**Collected data:**
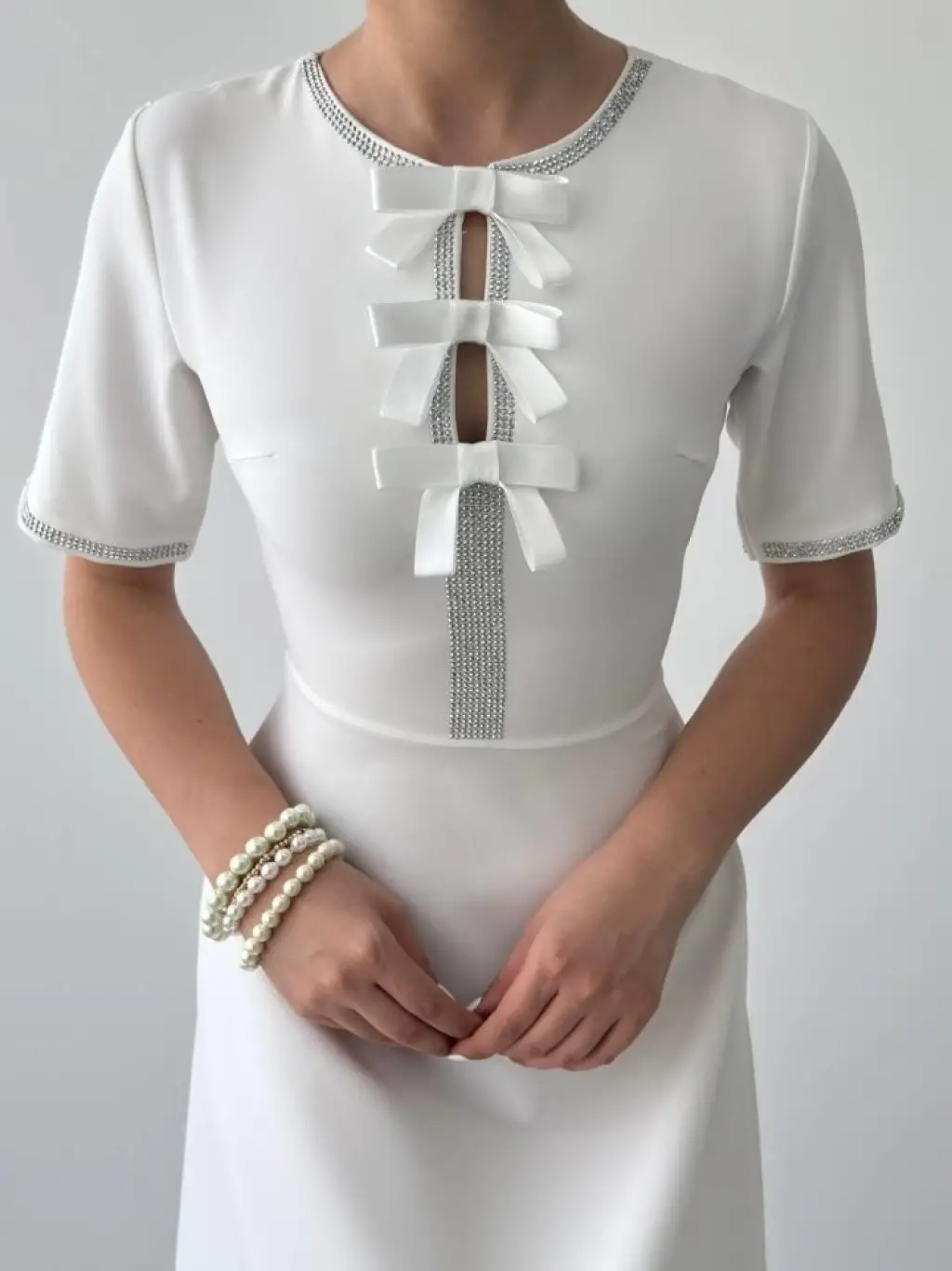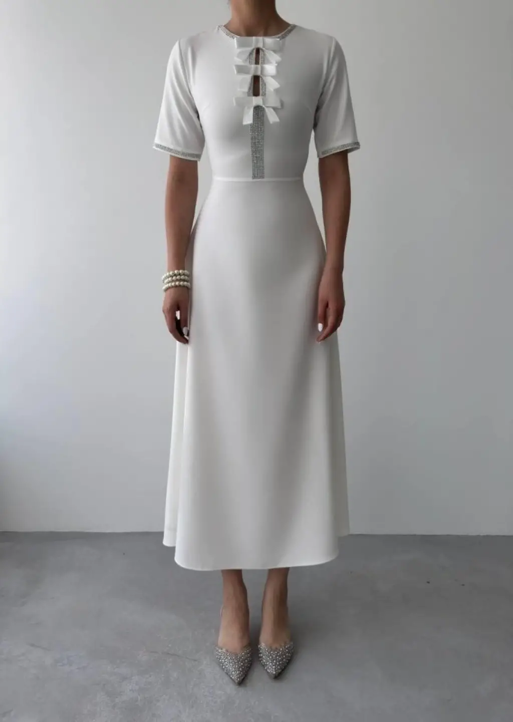 Kadın Kısa Kollu Madonna Yaka önü Kısa Arkası Uzun Ithal Krep Elbise
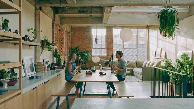 리빙 공간에는 큰 테이블을 배치해 환경운동가로서 운영하는 팟캐스트 방송 녹음을 하는 스튜디오다. 부부의 휴식 공간이자, 게스트들이 편히 쉴 수 있게 창가 쪽으로 긴 소파를 배치해 편안하면서도 분위기 좋은 스튜디오를 만들었다.
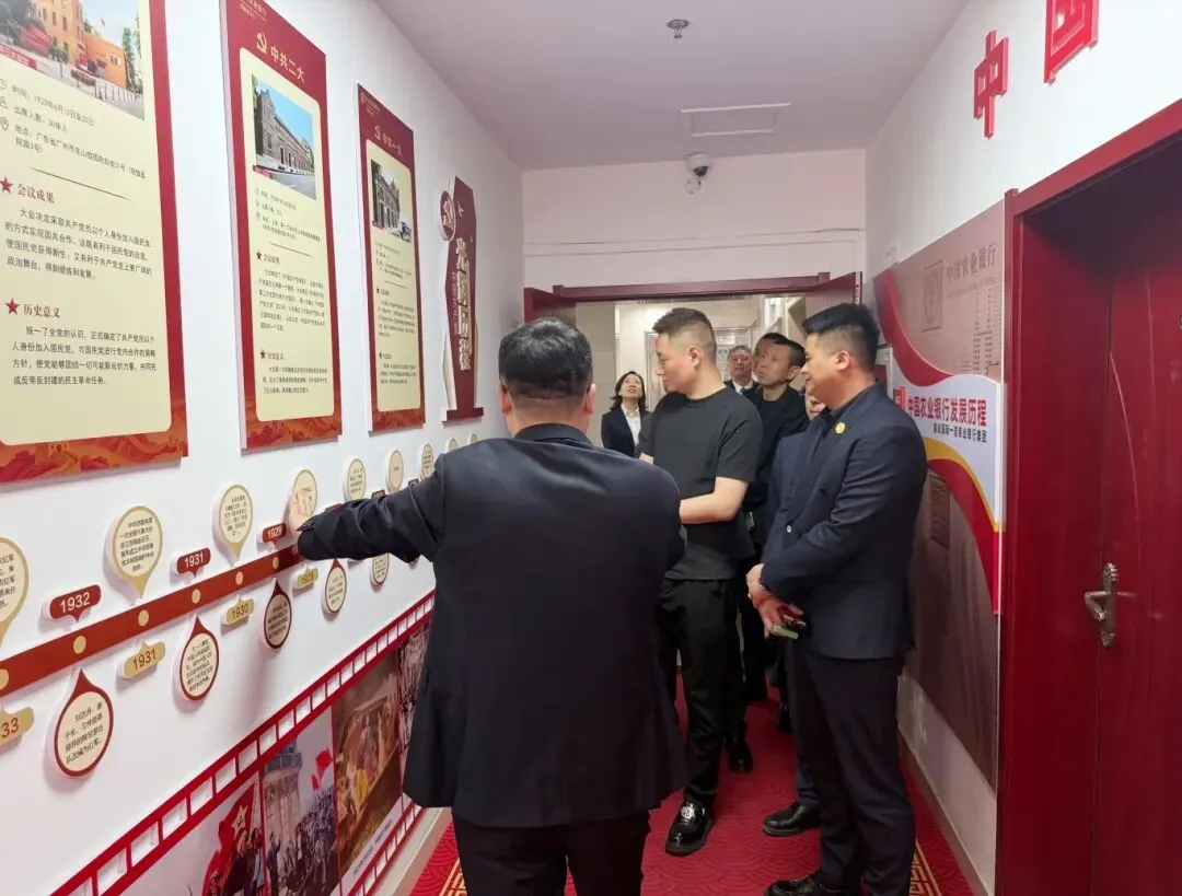 步入党建文化长廊,首先映入眼帘的是庄严的入党誓词展板。“遵守党的章程,履行党员义务……为共产主义奋斗终身”一行行金色大字,让参观者肃然起敬。随行讲解员详细介绍,商会成员们驻足聆听,对农行将党史学习教育融入日常、内化于行的做法表示高度赞赏。

**Work task:** Copy out every line of the data above, taking care to leave the pictures out.

**Completed exercise:**
 Kadın Kısa Kollu Madonna Yaka önü Kısa Arkası Uzun Ithal Krep Elbise
 리빙 공간에는 큰 테이블을 배치해 환경운동가로서 운영하는 팟캐스트 방송 녹음을 하는 스튜디오다. 부부의 휴식 공간이자, 게스트들이 편히 쉴 수 있게 창가 쪽으로 긴 소파를 배치해 편안하면서도 분위기 좋은 스튜디오를 만들었다.
 步入党建文化长廊,首先映入眼帘的是庄严的入党誓词展板。“遵守党的章程,履行党员义务……为共产主义奋斗终身”一行行金色大字,让参观者肃然起敬。随行讲解员详细介绍,商会成员们驻足聆听,对农行将党史学习教育融入日常、内化于行的做法表示高度赞赏。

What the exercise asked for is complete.